A long time ago, I began putting together an all-purpose list of generic stories that can either be updated with specific facts, or, since nobody reads them anyhow, left alone and still meet the primary requirement of filling space so the advertisements don't slam together in the middle of the page.

Hence:

1. Growth: Too many people moved into too small an area too fast but brought too much money for anyone to tell them to go away. They brought not quite enough money, however, to pay for the necessary schools, roads or sewage treatment plants, but area leaders came up with the plan of making a really huge rug under which most of those problems can be swept until they retire and somebody else seeking public office has to deal with the problem.

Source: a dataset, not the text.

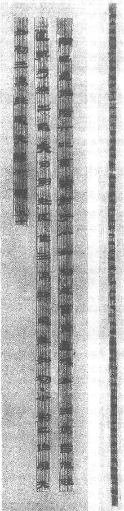 | 释义 | 武威仪礼简 武威仪礼简西汉晚期。木质。简分甲、乙、丙三种。长55.5厘米,宽0.75厘米,厚0.28厘米。每简一般容60字,下有页数,是后世刊本书页之滥觞。<仪礼>简现存469简,27300字。甲种本存七篇,398简,乙、丙本各存一篇。尤以甲种本保存最好,此简即甲本《泰射篇》第90简。1957年在甘肃省武威磨嘴子六号汉墓出土,现藏甘肃省博物馆。汉代正值我国经学倡导之时,也是古文经与今文经学派争端时期。所以抄经、讲经之风大盛,武威出土的《仪礼》简是不同于郑玄和大小戴本而流行武威地区的经学著作,是研究校勘学和汉代经学及简册制度书法的重要资料。该册的抄写虽出自多人之手,但是由于经书抄写的严格要求,书体仍然保持了协调一致的风格,基本上统一于严整、规范之中。《仪礼》简的书体已是极为成熟的汉隶,在书法艺术上,它有着独到之处,严整而不刻板,熟练而不滑浮,从字的结体上打破了左右匀停的对称模式,巧妙地将字的重心向左偏移,然后用其挑拨之笔向右开锋取势,形成了左顾右盼之态,取得了欹侧中的平衡之感。在用笔时,中、侧锋交错,藏露锋兼施,锋之转换不露痕迹,运用自如。章法处理上更见手段,其简较长,书者压扁字形,加大字距,使简书像串珠一样错落有致,构成了疏密相间的节奏韵律和幽远深邃的空灵效果。从书法角度上看,汉简有着较高的书法美学价值。从众多的汉简中不难看到,这里孕育着八分书,章草、楷书、行书的胚芽。武威简书的时代,正是由拖着小篆尾巴的古隶,逐渐向成熟的东汉分书发展的时代,因此武威简书里,既有古隶的朴拙、古质的意趣,也有艺术性较高的分书的雏形。

2. Water: There wasn't enough, except on occasions when it rained, and there was too much because there also hasn't been enough money to spend on flood control or convincing people that building in swamps is unwise. There are various theories as to why there isn't enough. Not enough rain, too much pumping, interference by aliens from a desert planet who can take over only after the last drop is gone, but everyone agrees there isn't enough. The standard solution agreed on is to build more houses to sell to more people who will need more of what we already do not have enough of.

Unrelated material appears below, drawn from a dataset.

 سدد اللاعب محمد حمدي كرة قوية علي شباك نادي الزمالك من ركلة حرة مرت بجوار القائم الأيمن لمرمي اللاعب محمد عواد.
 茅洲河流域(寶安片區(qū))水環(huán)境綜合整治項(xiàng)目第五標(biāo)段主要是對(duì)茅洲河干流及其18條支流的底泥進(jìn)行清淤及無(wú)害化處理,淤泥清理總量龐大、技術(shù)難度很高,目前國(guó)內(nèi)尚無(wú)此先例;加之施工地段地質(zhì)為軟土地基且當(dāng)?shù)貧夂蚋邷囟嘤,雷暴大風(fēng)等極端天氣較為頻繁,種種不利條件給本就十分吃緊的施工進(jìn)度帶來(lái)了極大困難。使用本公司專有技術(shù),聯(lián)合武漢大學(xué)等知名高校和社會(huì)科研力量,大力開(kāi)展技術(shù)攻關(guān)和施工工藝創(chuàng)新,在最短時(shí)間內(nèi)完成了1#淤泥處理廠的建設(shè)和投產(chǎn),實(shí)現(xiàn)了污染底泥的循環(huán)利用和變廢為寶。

3. Education: Teachers remained underpaid, and classes were too crowded. Some folks (who apparently never took an algebra exam) assumed prayer has been banned from school and were upset about that, the teaching of evolution, the teaching of sex education and the fact that Snow White shared a small cottage with seven dwarves and wasn't married to any of them. A heartening number of bright kids somehow survived their exposure to public education and got scholarships to good colleges. Some of the rest wound up holding up stop/go signs at road projects aimed at making sure we have wider traffic jams.

4. The economy: Things got worse as it became increasingly evident that low-level retail sales and faltering tourism (what with us not having decent beaches or anything) could not provide enough diversity to generate enough money to keep the economy healthy. Experts, except for those already busy screwing up traffic control, water supply and sewage treatment, came up with an innovative program coupling the construction of new strip malls with sign regulations, making it more likely that those trying to figure out where they were would cause rear-end collisions on U.S. 19. Body shops prospered.

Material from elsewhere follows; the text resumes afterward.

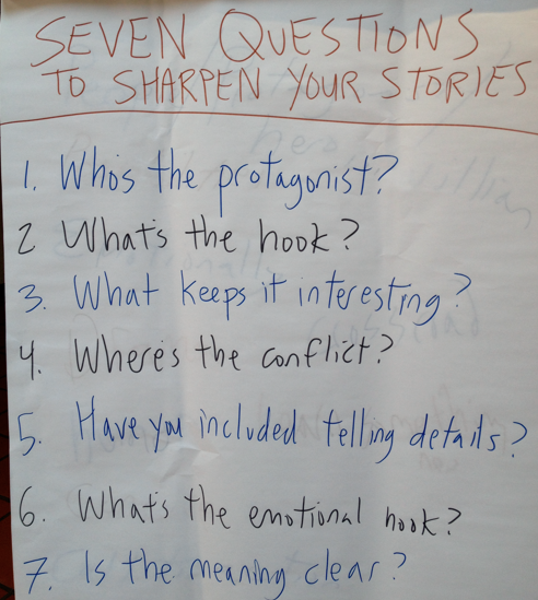 As an organization, the Land Trust has incredible positive momentum behind them. To illustrate this, I asked retreat participants to form a semi-circle showing how long each of them have served the Land Trust, which ranged from a few weeks to six years. The size of the staff nearly doubled since last years retreat! I asked everyone to briefly share what issue brought them to work at the Land Trust and heard a variety of passionate answers. I then asked staff to pair up and share each other’s stories with each other in greater detail. This began a series of exercises and activities where we explored different kinds of stories nonprofits tell – stories their founding, people, strengths and positive impact they make on the community.

5. Government: Area governments began commissioning studies by a variety of federal and private providers so that leaders could use much bigger words than they have been in explaining that they don't know what is going on or what to do about it. Some thought having an election to determine which problems were most important would be a good idea, but then someone reminded them they were living in Florida, and most of us wouldn't live long enough to see all the votes counted.

6. Politics: Continuing defections from the Democratic to the Republican parties by area officials were in the headlines. The remaining Democrats have decided to caucus as soon as they can find an all-night restaurant with a booth large enough to accommodate all six of them.

7. Journalism: A handful of daily newspapers continued a bare-knuckles battle for their shares of the market, and were occasionally dismayed at having to tell people that, no, they don't carry The Osbournes in their pages, don't know whose idea it was to move the horoscope column and can't explain why the other guy has a better introductory offer this week. Columnists were uniformly concerned about a dwindling supply of belly-button lint for them to continue to pick, but nobody else seemed to care much.